Beynimin sakinleştiği bir gün gidip konuşmalıydım onunla, eğer her neyi yanlış anladıysa bu anlaşmazlığı düzeltmeliydim. Zaten dışarıdan onlarca darbe alıyorduk, kendi aramızda da bir yanlış anlaşılma için dağılmayı göze alamazdım. Bizim şu anda hiç olmadığımız kadar bir olmamız gerekiyordu.

Herkes kendi halinde takılırken Merih ayaklandı. Onu ilk fark eden olmama rağmen nereye gittiğini ilk soran olma rütbesini Simge'ye bıraktım. Dudağındaki o hüzünlü tebessüm kalp sancısını anlatıyordu. Kendini daha rahat suçlayabilmek için bizim olmadığımız bir yere kaçıyordu.

"Nereye?"

"Biraz hava alsam iyi olacak. Dışarı çıkacağım."

Atakan başını onaylamaz bir tavırla iki yana salladı. "Aşk beyni devre dışı bırakan bir duygu değil biliyorsunuz değil mi?" Simge devam etmesi için ona baktığında Atakan'ın bakışları ikimiz arasında mekik dokuyordu. "Sizin üzerinizdeki etkisi niye böyle? Kendinize gelin. Hepinizin yerine düşünmek yoruyor."

Merih anlamlandıramayan ifadesiyle ona baktı. "Ne diyorsun oğlum?"

Atakan'dan önce söze atıldım. "'İntihar etmek istiyorsan hap vereyim, jilet vereyim, ip vereyim, silah vereyim. Kar fırtınasında gebermek sence de biraz aptalca değil mi? En azından arkandan intihar etmiş derler, ne salak adammış değil.' diyor kardeşim."

Atakan memnun bir tavırla işaret parmağını bana doğrultup sözlerimi onaylarken Merih tuhaf tuhaf bana baktı. "Ondan bu anlamı nasıl çıkardın acaba?"

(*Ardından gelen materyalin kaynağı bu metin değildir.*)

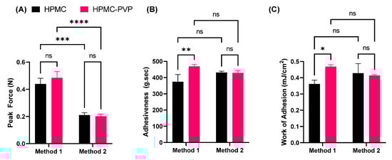 Bioadhesion results for the H12P6 binary gel for either a single (method one) or double (method two) skin substrate setups. (A) peak force; (B) adhesiveness; and (C) work of adhesion. Data are mean ± SD (n = 3). *: p < 0.05; **: p < 0.01; ***: p < 0.001; ****: p < 0.0001; ns = non-significant difference.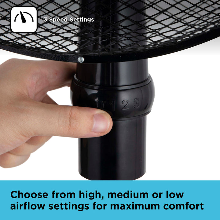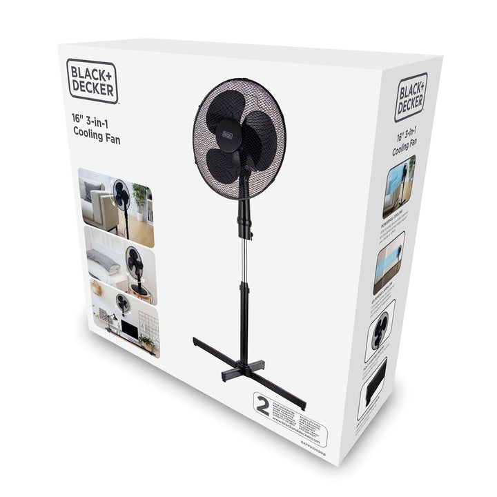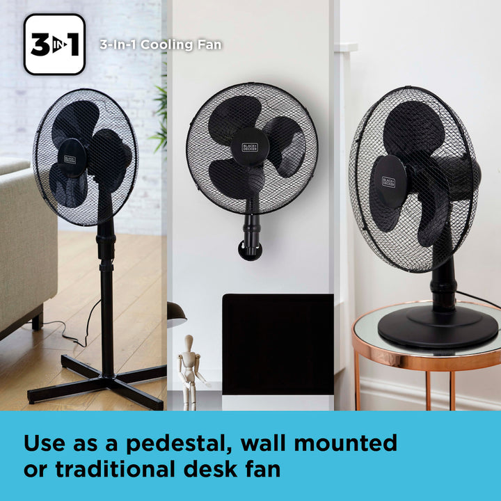 Quickly cool yourself down with the rapid cooling effect of this 3-in-1 cooling fan. The durable copper motor provides a high quality performance to help cool your home or office. Its versatile design can be turned into a pedestal fan, desk fan, or mounted on the wall to save on floor space for added versatility. The fan features an adjustable height and tilt function, while the rotating central dial on the pole offers the choice of 3 speed settings for a low, medium or high speed airflow for maximum comfort. The rotary oscillation provides air coverage across a 75- degree angle to help keep you and the surrounding area cool. The anti-slip rubber feet provide extra stability on the floor or work surface. The fan is easy to assemble.

Boş ver manasında kafamı salladım. "Meslek sırrı."

"Gitmene gerek yok." Dedi Simge ayaklarını koltuktan indirip Merih'e yanındaki boşluğu işaret ederken. "Biraz daha bekleyelim, sonra dışarı çıkacağız zaten. Yalnız kalma."

"İyiyim." Dedi Merih başını sallayarak. "Ben idare ederim." Sırtıma başını yaslamış uyuklayan Serra'ya bir bakış attı. "Onun size ihtiyacı var, ben varken rahat edemiyor."

"Saçmalama Merih." Diye çıkıştı Simge. "Ne olacak? Bundan sonra sen de mi gideceksin?"

"Benim sizden başka gidecek yerim mi var kızım?" Dedi Merih yorgun bir tınıyla. Hüzünlü gözleri hala Serra'nın üstündeydi. "Gitmek zorundayım çünkü onun size benden daha çok ihtiyacı var."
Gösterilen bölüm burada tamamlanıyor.